Cosa fare in caso di sentenza emessa in seguito a corruzione del Giudice
“La Corte ha stabilito che, nel caso di pronuncia di una sentenza viziata dalla corruzione del giudice, la parte che intenda dolersi di tale statuizione ha l’obbligo, e non la facoltà, di chiederne la revocazione ex art. 395 c.p.c.; ha soggiunto tuttavia la Corte che a tale regola generale si deve fare eccezione allorché la vittima del dolo del giudice non possa trarre alcun vantaggio giuridico dalla rimozione della sentenza frutto di corruzione, per essere divenuta nel frattempo impossibile la ricostituzione dello stato di cose anteriore. In tal caso, pertanto, è consentito alla vittima del reato domandare il risarcimento del danno al corruttore del giudice, senza previamente esperire il giudizio di revocazione. Per la stessa ragione, ha poi soggiunto la Corte, qualora la sentenza frutto di corruzione abbia indotto le parti, prima della scoperta del dolo, a transigere la lite, la vittima del reato di corruzione può domandare il risarcimento del danno senza previamente chiedere l’annullamento del contratto di transazione, invocando quale fatto illecito fonte di responsabilità aquiliana anche la sola violazione della regola di buona fede”.

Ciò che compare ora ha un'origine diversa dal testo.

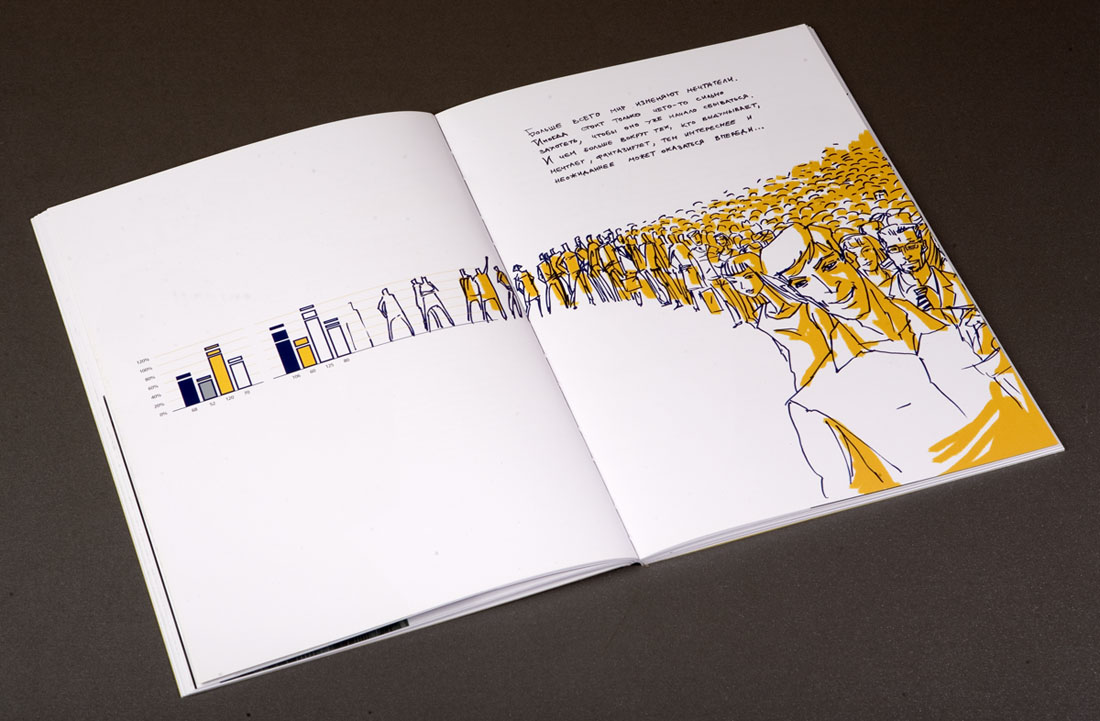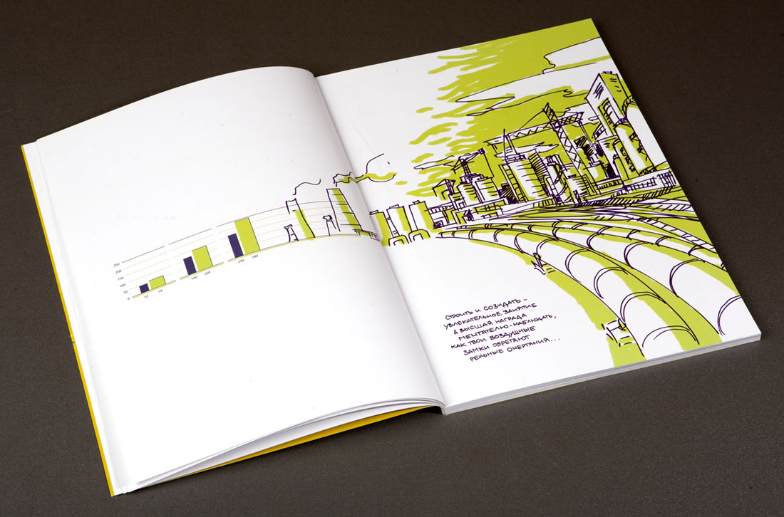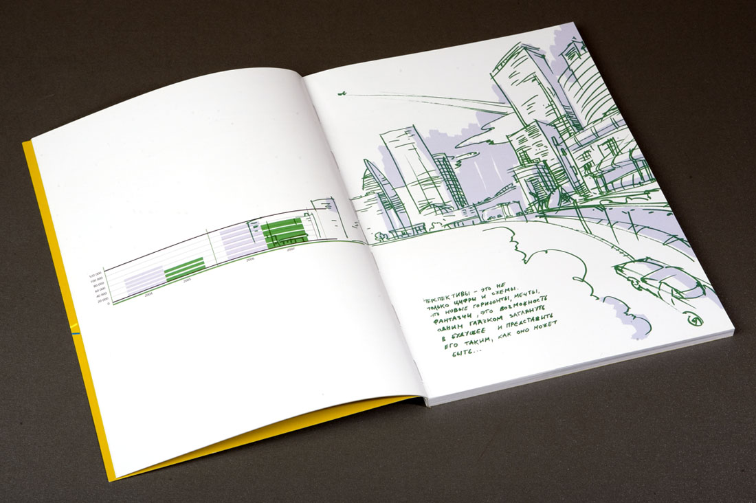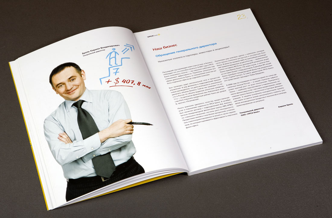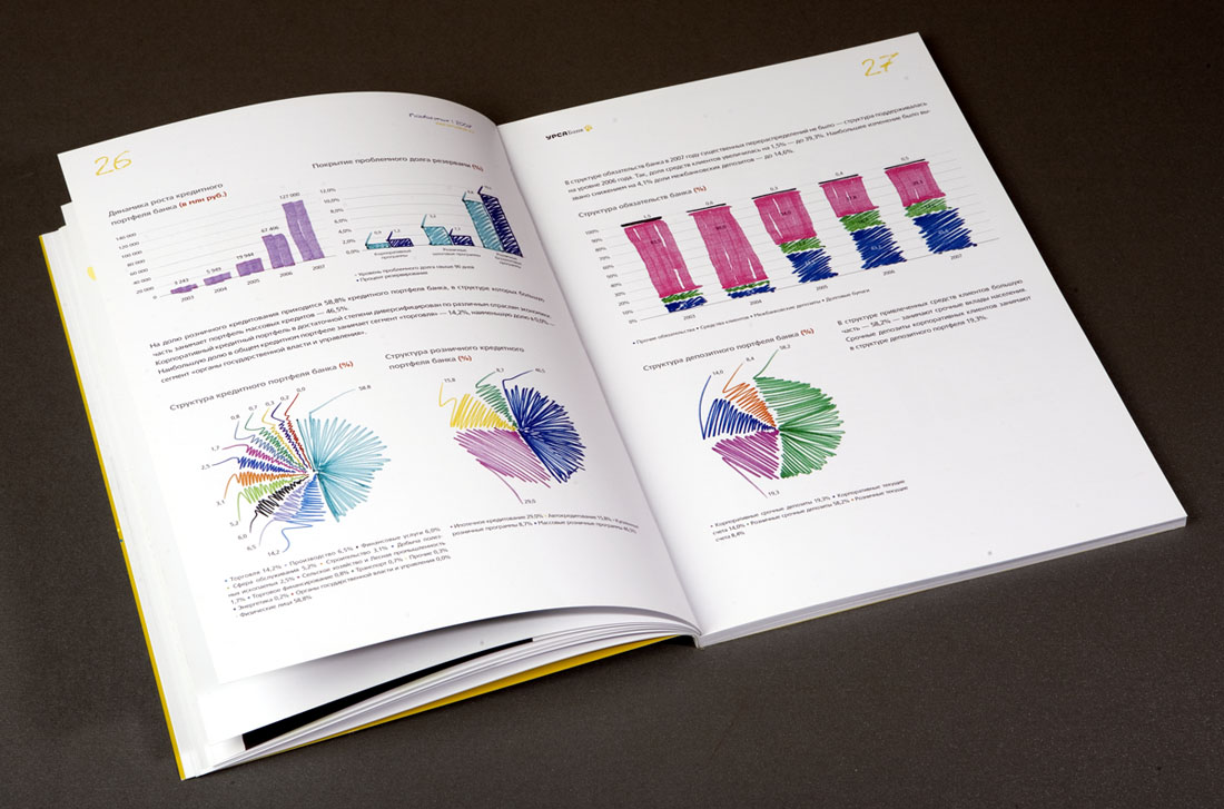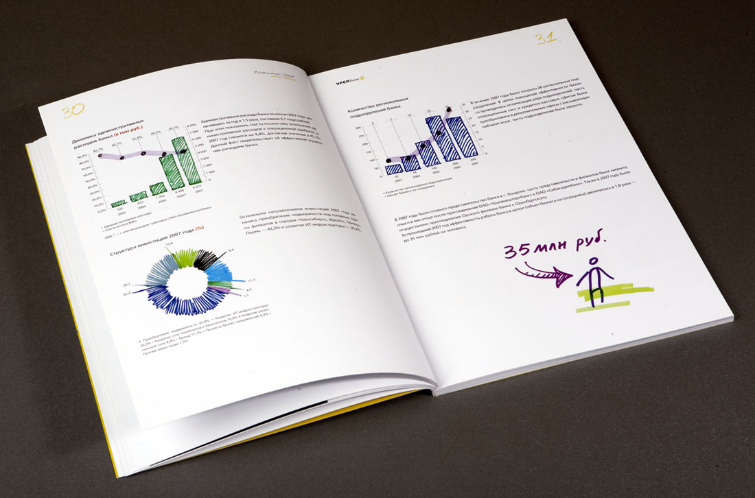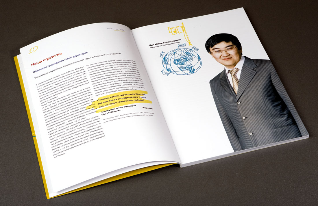 "УРСА Банк" рисует будущееДизайн-студия "Желтая Собака" выпустила годовой отчет для "УРСА Банка""Вдохновлять людей и поддерживать в них стремление к лучшему" - так определили свою миссию сотрудники "УРСА Банка", и именно этот посыл был положен дизайнерами студии в основу для оформления годового отчета. "Мы наглядно решили показать, что за сухими цифрами и фактами стоят живые люди с их собственным эмоциональным пониманием целей своей работы" - говорит директор "Желтой Собаки" Станислав Свердлов. Просматривая отчет, создается впечатление, будто над первоначально строгим лаконичным документом сами сотрудники банка основательно "поработали". "Вооружившись" цветными маркерами и фломастерами, они "собственноручно" выделили в тексте отчета наиболее важные, на их взгляд, места, начертили графики, а в довершении всего каждый, исходя из собственного представления, "изобразил" картинку на тему: "Для чего работает наш банк". В результате сухой финансовый отчет стал напоминать настоящий альбом с рисунками! Из графиков и диаграмм выросли целые картины с разнообразными сюжетами. Кто-то за сухими схемами увидел перспективы развития современного мегаполиса, кто-то - манящую курортную жизнь далекого приморского города. А кто-то вспомнил, что в каждом взрослом живет маленький ребенок со своими простыми искренними фантазиями. Продолжением идеи стала оригинальная упаковка отчета - оранжевая холщевая сумка художника и набор цветных маркеров. Это своеобразный призыв банка к клиентам не бояться фантазировать, мыслить широко и смело, нарисовать мечту и уверенно идти к ее осуществлению. Сумку украшает преобразованный из логотипа банка "нарисованный" воздушный змей - символ мечтательности и постоянного стремления вверх. По словам Станислава Свердлова, подобная подача материала позволила передать стремление банка к созиданию, к выстраиванию новых отношений с клиентами, желание помогать тем, кто готов постоянно расти и двигаться вперед. В целом же, по мнению директора студии, отчет получился ярким, эмоциональным, открытым и очень дружелюбным. |

La sentenza n. 21255/13 della Terza Sezione della Cassazione Civile, individua il percorso processuale da seguire nel remoto caso in cui la sentenza che ha deciso una controversia sia conseguenza della corruzione del Giudice.
Il rimedio previsto dal codice, ex art. 395 cpc, della revocazione della sentenza può apparire in concreto poco utile al soggetto danneggiato che potrà scegliere di tutelarsi percorrendo la strada del giudizio ordinario al fine di ottenere un risarcimento laddove il ripristino dello stato di cose anteriore alla sentenza sia divenuto impossibile.